On the other hand, bridge plating across joints, especially in the midfoot, restricts motion significantly. Astion, et al., has shown that arthrodesis of the TNJ has shown to dramatically decrease joint motion at the subtalar and calcaneocuboid joints . Therefore, it is important to remove the plate and restore motion at the TNJ after the fracture is healed. Schildhauer, et al., recommend removal of the plate after 4-9 months to restore function to the TNJ and STJ .
A possible complication with bridge plating as with any treatment of severe fractures is wound dehiscence. Open reduction and internal fixation should be delayed in the presence of extensive swelling or soft tissue compromise. Excessive soft tissue dissection and exposure of fracture fragments should be limited because the soft tissue structures are the vascular envelope responsible for nurturing and promoting the healing of the injury. In a recent study, van Koperen, et al., indicates that one of the drawbacks of bridge plating is extensive dissection during plate placement and removal, which can increase the risk of wound complications. However, in their study bridge plating did not lead to more wound complications when compared with trans-articular fixation . Atraumatic technique and understanding of surgical anatomy are important to prevent devascularization and limit post-surgical complications.
Another complication with comminuted fractures is avascular necrosis. Sarrafian describes the blood supply to the navicular as being radial in its arrangement, with the central body being relatively avascular . Sangeorzan, et al., found that after open reduction and internal fixation of displaced navicular body fractures, six out of twenty-one [29%] patients developed radiographic signs of avascular necrosis, however, only one lead to collapse . With appropriate fixation and understanding of the limitations of bridge plating, one can avoid complications such as non-union and avascular necrosis.
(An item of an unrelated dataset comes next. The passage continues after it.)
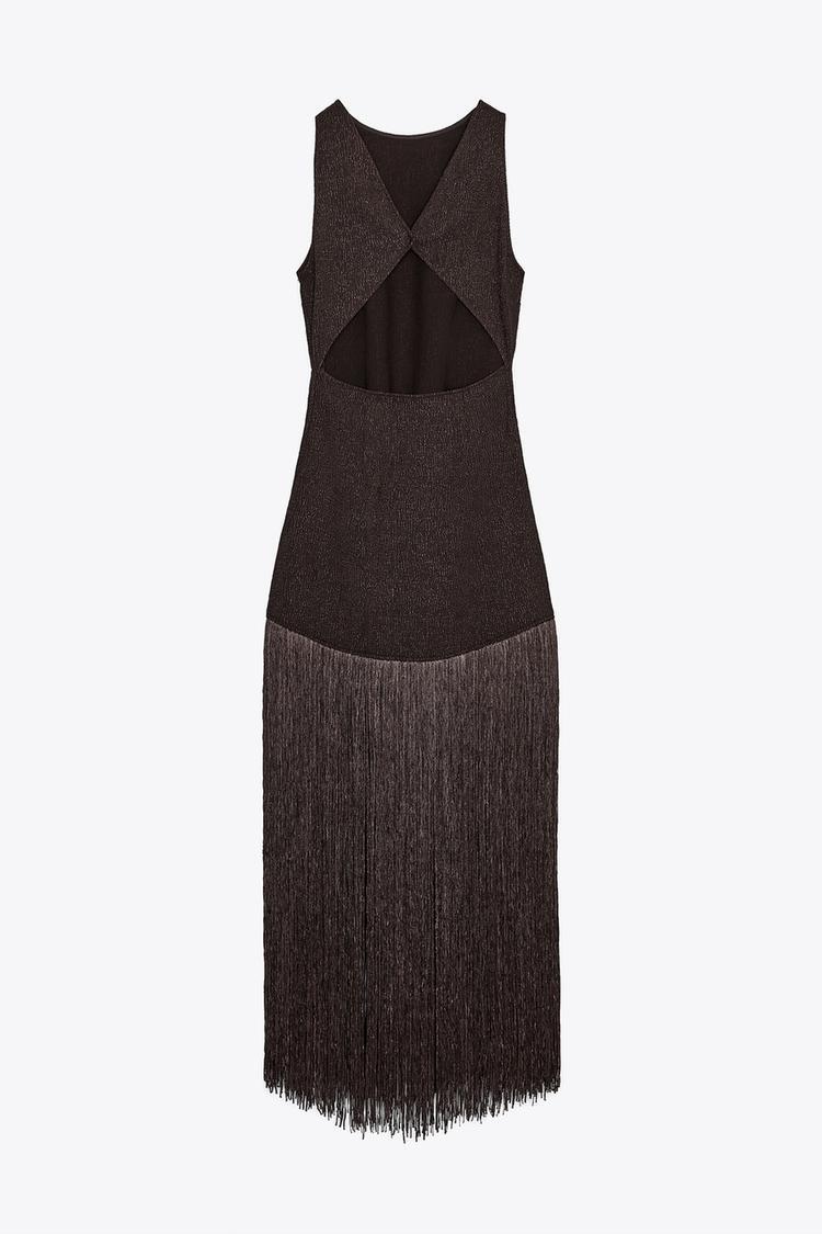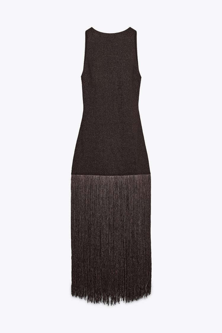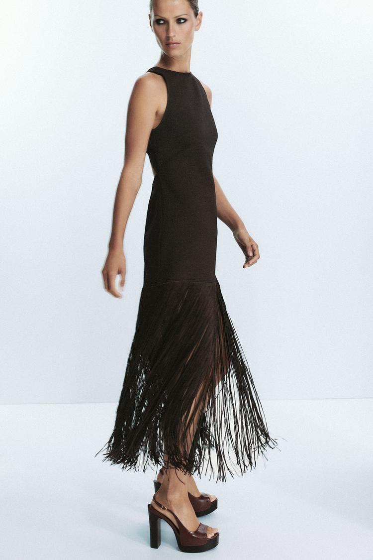 ZARA ПРИТАЛЕННОЕ ПЛАТЬЕ С БАХРОМОЙ, КОРИЧНЕВЫЙ

Temporary bridge plating is a viable treatment option for comminuted midfoot fractures that span joints without extensive dissection or vascular compromise. It allows for relative fracture-site stability despite severe comminution and supports indirect healing without having to reduce and fixate each individual fragment. Bridge plates also restore length and alignment by spanning across unaffected bones, thus leaving the fracture area undisturbed. Overall, a good outcome was achieved using the bridge plate even with our patient bearing weight early, he was satisfied with the outcomes and returned to his previous activity level.